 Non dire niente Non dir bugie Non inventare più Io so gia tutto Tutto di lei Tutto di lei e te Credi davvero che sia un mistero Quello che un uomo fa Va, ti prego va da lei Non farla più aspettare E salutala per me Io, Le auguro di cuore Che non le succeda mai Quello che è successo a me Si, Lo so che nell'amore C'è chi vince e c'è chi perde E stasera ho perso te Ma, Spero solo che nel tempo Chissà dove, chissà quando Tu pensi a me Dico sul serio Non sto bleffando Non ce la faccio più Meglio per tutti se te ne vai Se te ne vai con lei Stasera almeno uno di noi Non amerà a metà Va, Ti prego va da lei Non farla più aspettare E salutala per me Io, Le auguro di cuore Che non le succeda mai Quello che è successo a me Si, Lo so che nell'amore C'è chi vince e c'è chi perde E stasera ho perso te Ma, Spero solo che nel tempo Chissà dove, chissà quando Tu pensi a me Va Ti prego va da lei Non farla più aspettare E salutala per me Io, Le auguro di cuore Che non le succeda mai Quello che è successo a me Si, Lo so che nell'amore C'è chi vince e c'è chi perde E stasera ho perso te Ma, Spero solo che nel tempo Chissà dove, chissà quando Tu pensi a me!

****************

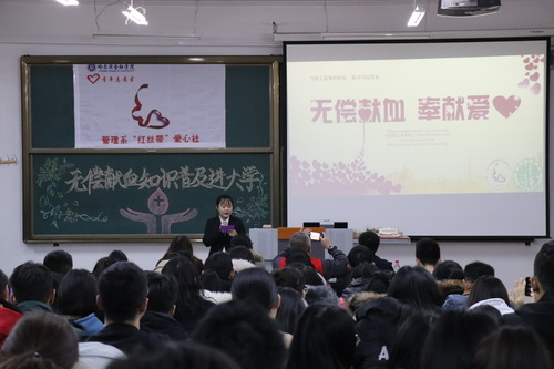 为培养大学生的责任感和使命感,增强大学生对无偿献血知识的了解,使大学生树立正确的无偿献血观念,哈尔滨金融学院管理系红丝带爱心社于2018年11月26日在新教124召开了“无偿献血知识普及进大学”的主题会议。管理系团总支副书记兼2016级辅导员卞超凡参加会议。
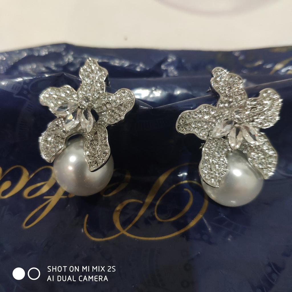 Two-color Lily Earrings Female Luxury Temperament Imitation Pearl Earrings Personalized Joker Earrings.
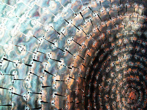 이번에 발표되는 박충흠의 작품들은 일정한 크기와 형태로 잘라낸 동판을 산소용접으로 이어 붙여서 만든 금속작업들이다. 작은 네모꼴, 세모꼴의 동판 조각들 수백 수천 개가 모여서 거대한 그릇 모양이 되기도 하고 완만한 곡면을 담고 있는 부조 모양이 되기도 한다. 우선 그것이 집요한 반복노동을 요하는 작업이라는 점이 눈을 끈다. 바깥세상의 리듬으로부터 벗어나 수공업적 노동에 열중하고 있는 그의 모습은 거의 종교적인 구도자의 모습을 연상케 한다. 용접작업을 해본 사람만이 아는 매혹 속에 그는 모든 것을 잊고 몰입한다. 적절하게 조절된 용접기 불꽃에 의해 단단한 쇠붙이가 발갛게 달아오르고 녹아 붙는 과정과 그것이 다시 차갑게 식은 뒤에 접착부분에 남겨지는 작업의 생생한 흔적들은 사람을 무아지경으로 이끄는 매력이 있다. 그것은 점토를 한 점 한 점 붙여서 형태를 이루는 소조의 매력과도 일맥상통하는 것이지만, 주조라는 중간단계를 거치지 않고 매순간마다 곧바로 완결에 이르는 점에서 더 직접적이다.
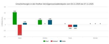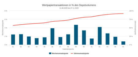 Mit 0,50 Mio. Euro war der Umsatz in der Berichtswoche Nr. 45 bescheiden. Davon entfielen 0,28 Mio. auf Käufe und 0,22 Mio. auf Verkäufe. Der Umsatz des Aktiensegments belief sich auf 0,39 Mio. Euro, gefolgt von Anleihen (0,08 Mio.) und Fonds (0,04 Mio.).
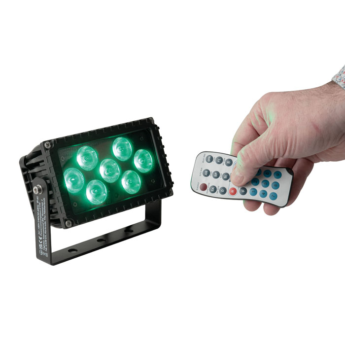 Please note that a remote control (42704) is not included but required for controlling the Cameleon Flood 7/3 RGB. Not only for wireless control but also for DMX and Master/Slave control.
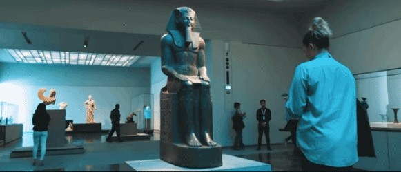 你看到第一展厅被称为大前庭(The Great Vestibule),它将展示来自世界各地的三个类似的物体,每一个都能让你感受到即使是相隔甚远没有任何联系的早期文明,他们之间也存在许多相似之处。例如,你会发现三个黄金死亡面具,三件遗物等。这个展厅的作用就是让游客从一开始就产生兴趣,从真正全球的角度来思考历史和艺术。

****************

> [Brief]:
Once the line with "为培养大学生的责任感和使命感" has been found above, output that line and every later line exactly, stopping after the line with "Please note that", and omit the pictures.

> [Answer for this exercise]:
 为培养大学生的责任感和使命感,增强大学生对无偿献血知识的了解,使大学生树立正确的无偿献血观念,哈尔滨金融学院管理系红丝带爱心社于2018年11月26日在新教124召开了“无偿献血知识普及进大学”的主题会议。管理系团总支副书记兼2016级辅导员卞超凡参加会议。
 Two-color Lily Earrings Female Luxury Temperament Imitation Pearl Earrings Personalized Joker Earrings.
 이번에 발표되는 박충흠의 작품들은 일정한 크기와 형태로 잘라낸 동판을 산소용접으로 이어 붙여서 만든 금속작업들이다. 작은 네모꼴, 세모꼴의 동판 조각들 수백 수천 개가 모여서 거대한 그릇 모양이 되기도 하고 완만한 곡면을 담고 있는 부조 모양이 되기도 한다. 우선 그것이 집요한 반복노동을 요하는 작업이라는 점이 눈을 끈다. 바깥세상의 리듬으로부터 벗어나 수공업적 노동에 열중하고 있는 그의 모습은 거의 종교적인 구도자의 모습을 연상케 한다. 용접작업을 해본 사람만이 아는 매혹 속에 그는 모든 것을 잊고 몰입한다. 적절하게 조절된 용접기 불꽃에 의해 단단한 쇠붙이가 발갛게 달아오르고 녹아 붙는 과정과 그것이 다시 차갑게 식은 뒤에 접착부분에 남겨지는 작업의 생생한 흔적들은 사람을 무아지경으로 이끄는 매력이 있다. 그것은 점토를 한 점 한 점 붙여서 형태를 이루는 소조의 매력과도 일맥상통하는 것이지만, 주조라는 중간단계를 거치지 않고 매순간마다 곧바로 완결에 이르는 점에서 더 직접적이다.
 Mit 0,50 Mio. Euro war der Umsatz in der Berichtswoche Nr. 45 bescheiden. Davon entfielen 0,28 Mio. auf Käufe und 0,22 Mio. auf Verkäufe. Der Umsatz des Aktiensegments belief sich auf 0,39 Mio. Euro, gefolgt von Anleihen (0,08 Mio.) und Fonds (0,04 Mio.).
 Please note that a remote control (42704) is not included but required for controlling the Cameleon Flood 7/3 RGB. Not only for wireless control but also for DMX and Master/Slave control.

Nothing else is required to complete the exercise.